# my ride N15 nissan almera



## tolis (Sep 26, 2004)

for more visit my page at:
http://www.cardomain.com/ride/2192624


----------



## oliverr87 (Sep 23, 2005)

Very nice! I love it! I am a sucker for white cars :thumbup:


----------



## b14sleeper (Dec 31, 2004)

hey do you guys have the sunny gt-s in your country? if you do would you be able to get me the grille off of one?


----------



## silviaconvert (Aug 20, 2005)

nice ride. very clean.


----------



## NotAnotherHonda (Aug 7, 2003)

i love it! is it considered a wagon or a hatch?
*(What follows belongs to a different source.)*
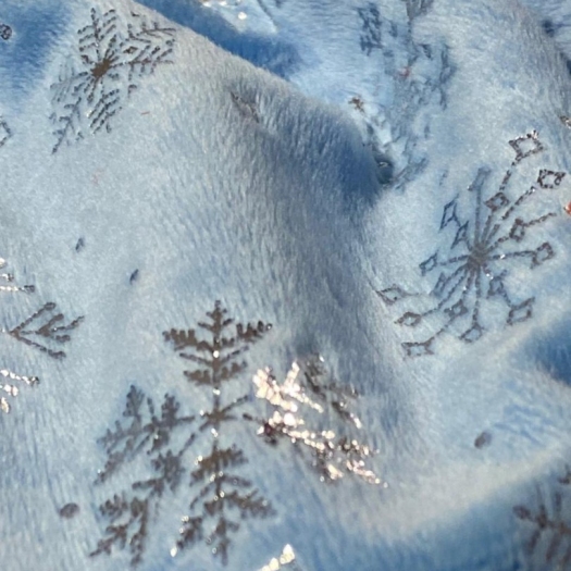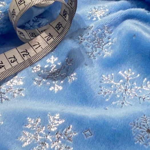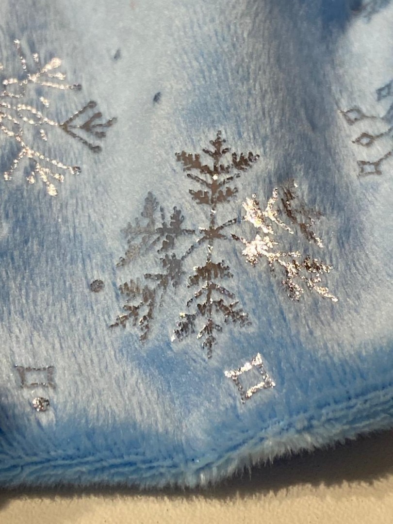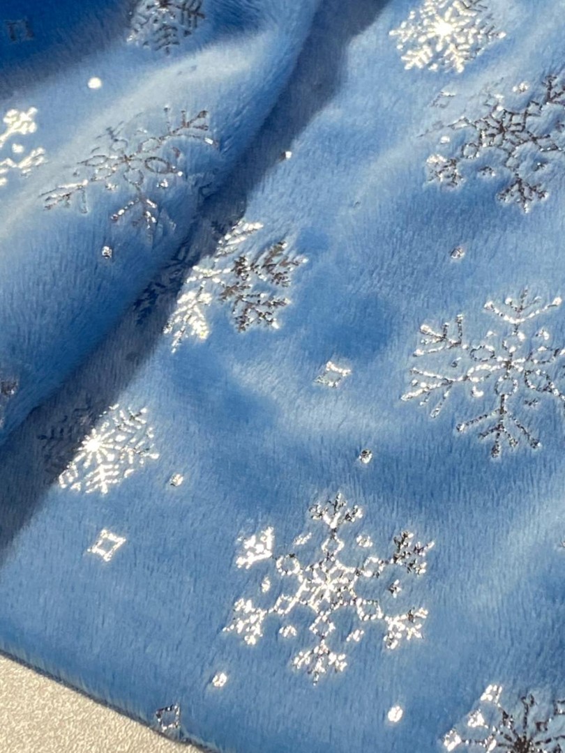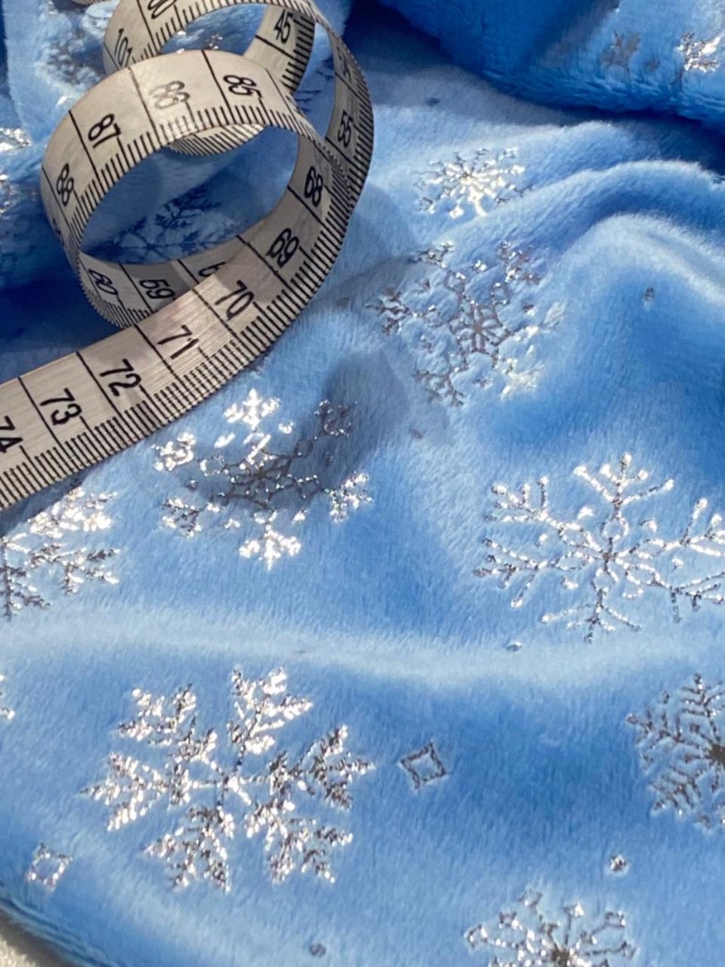 Мелковорсовый велюр Вельбоа с фольгированными снежинками — мягкая и нежная ткань, очень приятная на ощупь. Его еще называют искусственными плюшем за шелковистый ворс и крепкую основу. Очень похож на бархат. Идеально подходит для отделки и пошива различных изделий: пижамы кигуруми, новогодние костюмы, комбинезоны, брючки. Из вельбоа шьют одежду для кукол, подарочные мешочки, игрушки на елку и так далее. Полотно на трикотажной основе, незначительно тянется, легко шьется, не требует специального ухода, так как основа не сыпется. Внимание!!! Гладим на средней температуре с изнаночной стороны. 13297

now ditch that motor and get it scootin'!


----------



## James (Apr 29, 2002)

NotAnotherHonda said:


> i love it! is it considered a wagon or a hatch?
> 
> now ditch that motor and get it scootin'!


the motors covered... ;p


----------



## Nismo_NOR (Aug 12, 2004)

That's a hatch.



b14sleeper said:


> hey do you guys have the sunny gt-s in your country? if you do would you be able to get me the grille off of one?


What's a GT-S?


----------



## tolis (Sep 26, 2004)

thanks guys
its a hatch almera 
it had a ga14de motor and i swap it with ga16de from japan 
i could have swap it with a gtir motor (quad throtle we have many here from japan) but i want to turbo this one
i ll post turbo pics sometime (it depens on my good friend james)
there isnt a sunny gts in Greece only a sunny gtir....
and i have a lot of grils

i cleared the turn indicators myself and paint them from the inside (like almera gti) also i opened and paint the head lights


----------